A decade of slavery and tax avoidance into the bargain

An enslaved Filipino maid in the United States is in a better position than a journalist in Cairo when it comes to litigation against a US based company in Egypt

Abdul Ghani Mahfouz
11 July 2012

On May 16 a major anti-corruption watchdog reported that the Middle-East Thomson Reuters Office in downtown Cairo has been under investigation for tax avoidance. The issue poses a moral as well as business dilemma for the media giant that bills itself as the world's leading source of intelligent information for businesses and professionals.

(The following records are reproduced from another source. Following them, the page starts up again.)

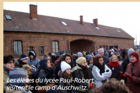
Les élèves du lycée Paul-Robert visitent le camp d'Auschwitz.

M.O. : C'est « le convoi des 31 000 » (elles seront immatriculées dans la série des « 31000 » entre les numéros 31625 et 31854). Nous étions en hiver, le sol était gelé, jonché d'excréments. Nous sentions les corps en train de brûler dans les crématoires et avions en face de nous des cadavres faméliques, nus, empilés les uns sur les autres. Nous avons compris que nous étions en enfer. Parmi les pre-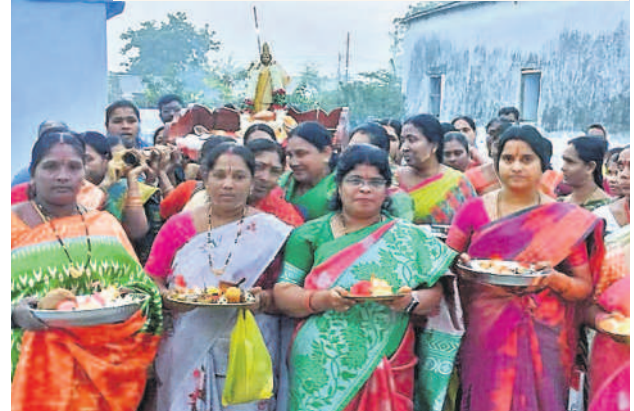
రామన్నపేటలో గోదాదేవి పల్లకి సేవలో పాల్గొన్న మహిళలు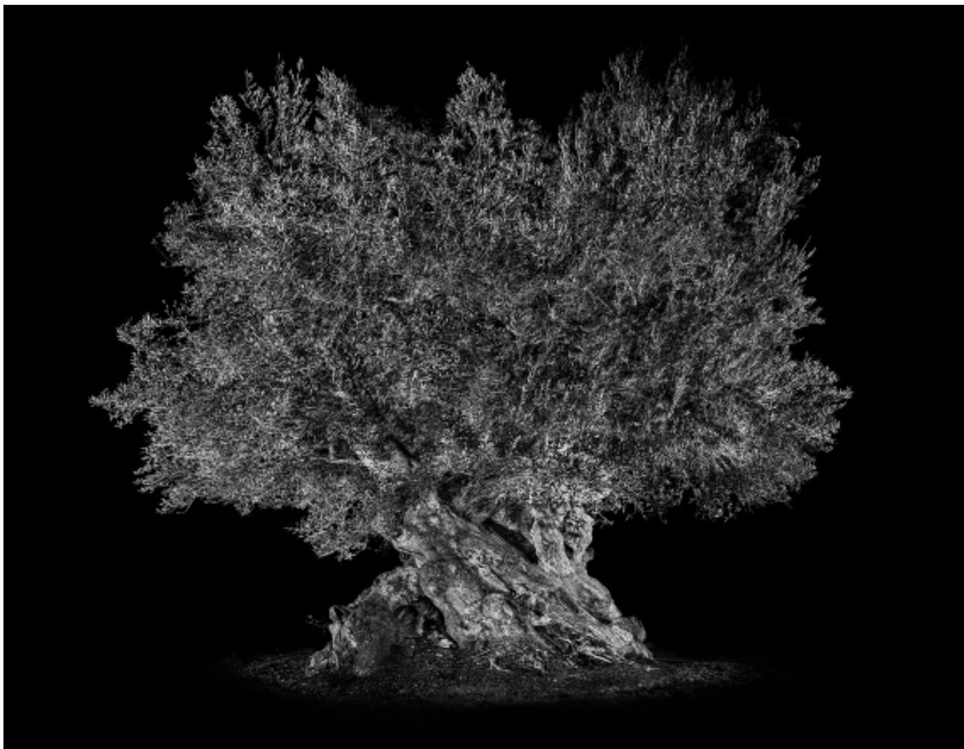
Antoine Schneck Giuseppe , tirage sur 8 Photographie, tirage pigmentaire sur papier contrecollé sur Dibond 100 x 120 cm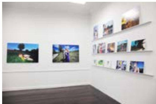
[29] K+P le manifeste couleur à la Maison Bédier, salle Steve Hiatt au Frac Réunion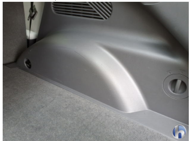
2. Verkleidung Gebrauchsspuren - Ohne Reparatur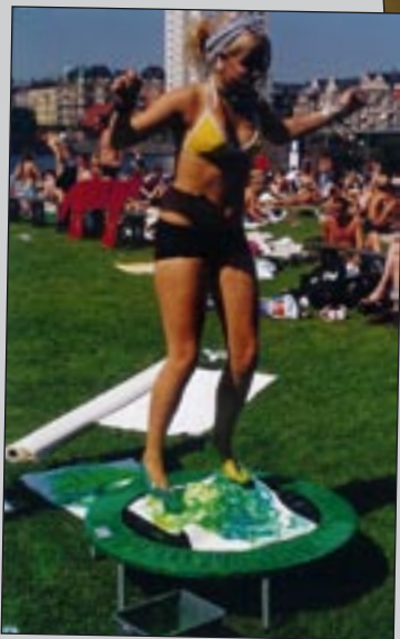
Actionpainting, Kulturhavn, 2004

Alternative idrætstimer i 4. klasse, 2006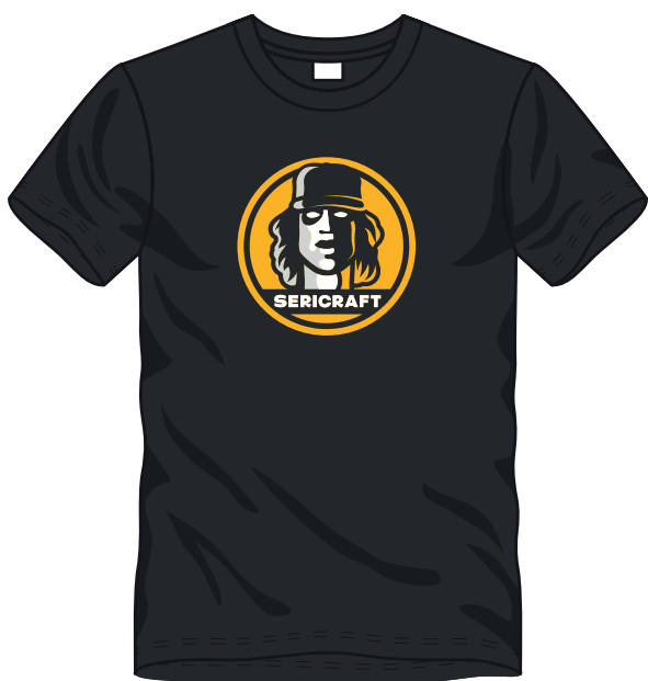
■ ■ ■ 3 COLORI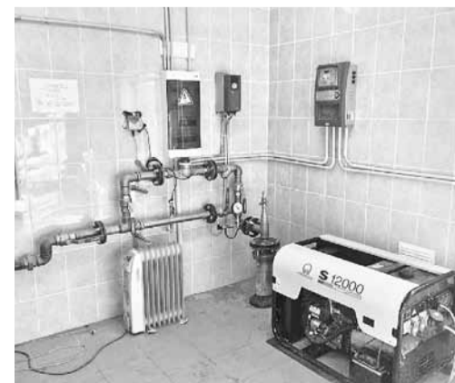
Ūdens attīrīšanas stacija.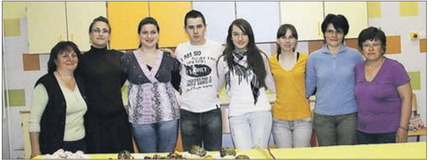
Člani KPŠD Vuk Karadžić Radovljica so pripravljali srbske dobrote.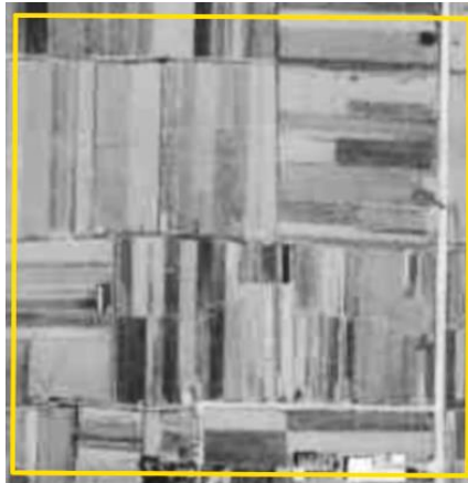
1961 年～1969 年

The irony of the situation is that the Company and Thomson family sponsor charity institutions such as Thomson Reuters Foundation and its affiliate TrustLaw, and contribute heavily to charity works in Canada and elsewhere. Is it clever then to cheat the Egyptians - of whom 40 percent live under the poverty line - out of their money and use it to train young journalists or help a psychiatric centre in Toronto? The wealth of Mr Thomson and family, $23bn, is almost double Egypt's foreign currency reserves. It is worth having a look at the CSR policies of the Company.

Reuters used a troop of editors in its offices in Cairo for more than ten years in circumstances tantamount to slavery. These people who worked as translators from English to Arabic in the only Arabic Service of the news agency, previously owned by the British, were deprived of their rights. No social insurance, no healthcare, not even recognition that they work for the place. They were denied replies to the emails they sent to the administration. Furthermore, they only received a small fraction of their contracted colleagues’ salaries, a closed circle of relatives and acquaintances.  

They worked for eight hours a day non-stop except for a tea break for five days a week. At the end of the month they queued up in front of a trusted employee to receive their pay envelopes like the daily labour who throng the popular cafés in the outskirts of Cairo.

Any sign of discontent and the editor was sent packing at once. The Service has always been headed up by a kind of family business where friends, relatives, and cronies can get in, out and in again at any time and with every privilege. Out of this huge pool, some people are singled out and given contracts and good salaries, not based on efficiency but on good relationships with the corrupt senior editors.

The campaign in the US press against Arif Al-Ali, the UAE naval officer who was accused last year in the United States of enslaving his Filipino maid Elizabeth Cabitla Ballesteros, led to the guy standing accused of human trafficking. But Ballestros in the States is in a better position than a journalist in Cairo when it comes to litigation against a US based company in Egypt.  The daily practice of Reuters in Cairo has never been picked up simply because the laws are routinely manipulated by lawyers on behalf of employers. The Labour Law enacted by President Hosny Mubarak strongly favours the businessmen who formed the mainstay of his rule. Things are likely to take a long time to change in the direction of a fair balance of employee-employer interests.   

Reuters, like other corrupt businesses in the circle of Mubarak and family, also found it convenient to shed some of its essential responsibilities toward the state and society. Reuters should have deducted a certain percentage of the salaries of its employees as an income tax to be relayed to the tax authorities. But instead, since employees have no formal existence or documents, it simply gave them small untaxed salaries disregarding the state coffers.

But the investigation into tax avoidance is not in itself enough. There must be a full investigation into the full details of enslaving people by a major western multinational corporation. Media advocacy and human rights organizations have to be outspoken on such cases on a par with the attention they devote to journalists persecuted or imprisoned.  

It’s almost incredible to me that my case against Reuters, credited with transforming the Cairo Office, was the first to be brought against the company. I was forced to submit my resignation on 22 February 2010 after 6 years and 11 months - despite the absence of a contract - simply because I demanded an end to corruption and corrupt practices. I asked the Company twice to conduct an investigation into the circumstances of my forced resignation, but all was in vain. 

When I began to sue the Company everything was suddenly transformed, which simply means that Thomson Reuters was heavily dependent on the generosity - or rather the corruption - of their hosts on one side and the subdued reaction of their victims on the other.

However, more than ten years of exploitation and tax avoidance can hardly be forgiven.